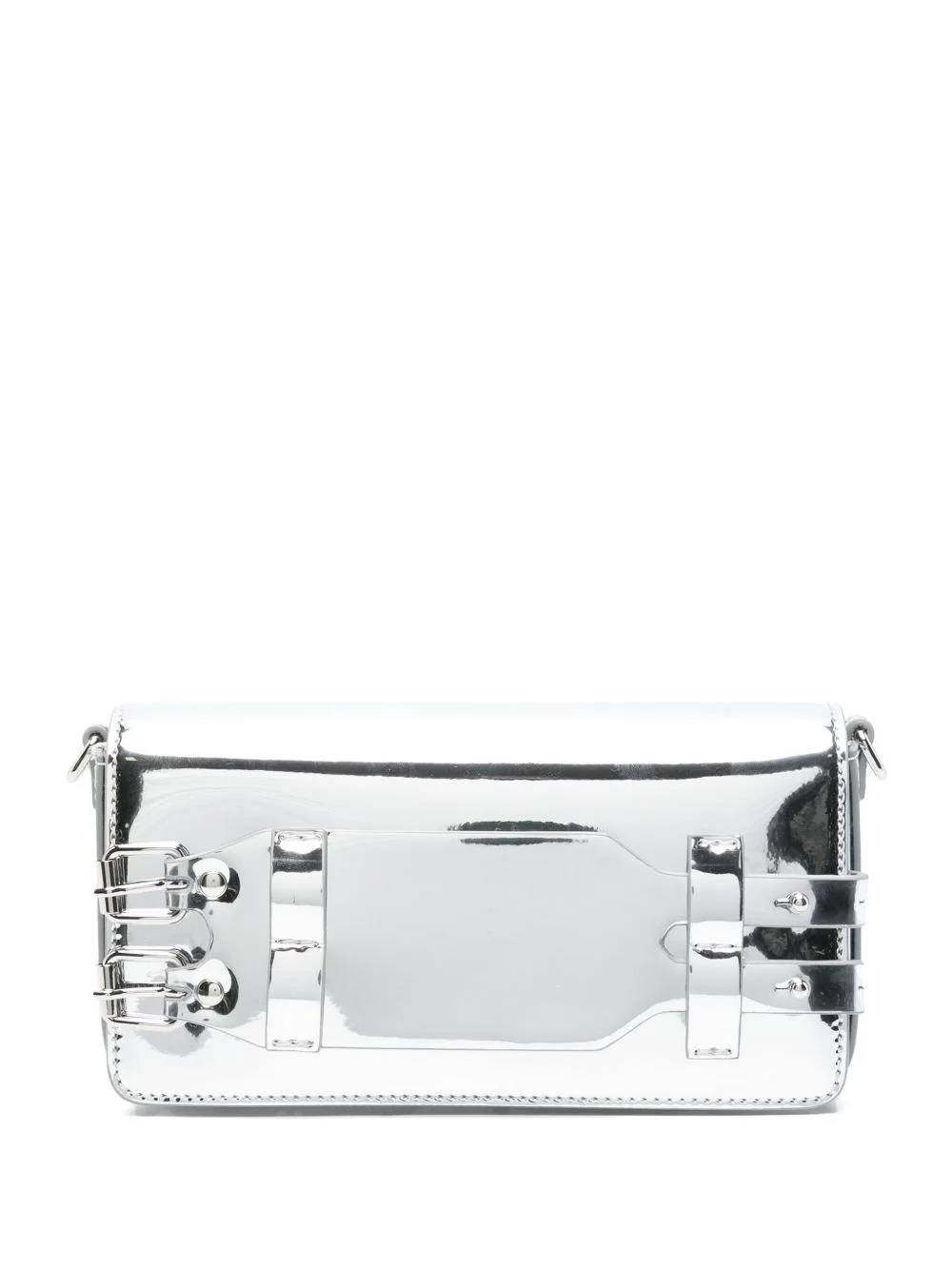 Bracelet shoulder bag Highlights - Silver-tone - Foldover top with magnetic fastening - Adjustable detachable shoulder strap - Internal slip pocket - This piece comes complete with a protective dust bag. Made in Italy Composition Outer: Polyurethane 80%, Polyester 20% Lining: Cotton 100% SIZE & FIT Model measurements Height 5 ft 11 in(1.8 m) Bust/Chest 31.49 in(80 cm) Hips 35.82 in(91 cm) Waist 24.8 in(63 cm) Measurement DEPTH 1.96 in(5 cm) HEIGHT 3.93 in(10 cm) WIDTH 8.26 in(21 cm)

********

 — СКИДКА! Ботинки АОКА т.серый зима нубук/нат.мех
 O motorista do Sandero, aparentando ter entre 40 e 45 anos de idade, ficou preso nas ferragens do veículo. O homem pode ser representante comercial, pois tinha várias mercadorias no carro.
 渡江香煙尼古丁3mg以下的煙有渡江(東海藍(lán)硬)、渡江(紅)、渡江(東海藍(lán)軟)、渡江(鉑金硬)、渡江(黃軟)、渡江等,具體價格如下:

********

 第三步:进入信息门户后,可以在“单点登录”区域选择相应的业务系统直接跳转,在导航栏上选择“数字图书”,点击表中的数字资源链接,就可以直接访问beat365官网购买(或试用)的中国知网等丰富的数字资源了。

********

## [What is required]
Reproduce verbatim only the segment of the listing bounded by the line containing "т.серый зима нубук/нат.мех" and the line containing "渡江香煙尼古丁3mg以下的煙", with both boundary lines included.

## [Written reply]
 — СКИДКА! Ботинки АОКА т.серый зима нубук/нат.мех
 O motorista do Sandero, aparentando ter entre 40 e 45 anos de idade, ficou preso nas ferragens do veículo. O homem pode ser representante comercial, pois tinha várias mercadorias no carro.
 渡江香煙尼古丁3mg以下的煙有渡江(東海藍(lán)硬)、渡江(紅)、渡江(東海藍(lán)軟)、渡江(鉑金硬)、渡江(黃軟)、渡江等,具體價格如下:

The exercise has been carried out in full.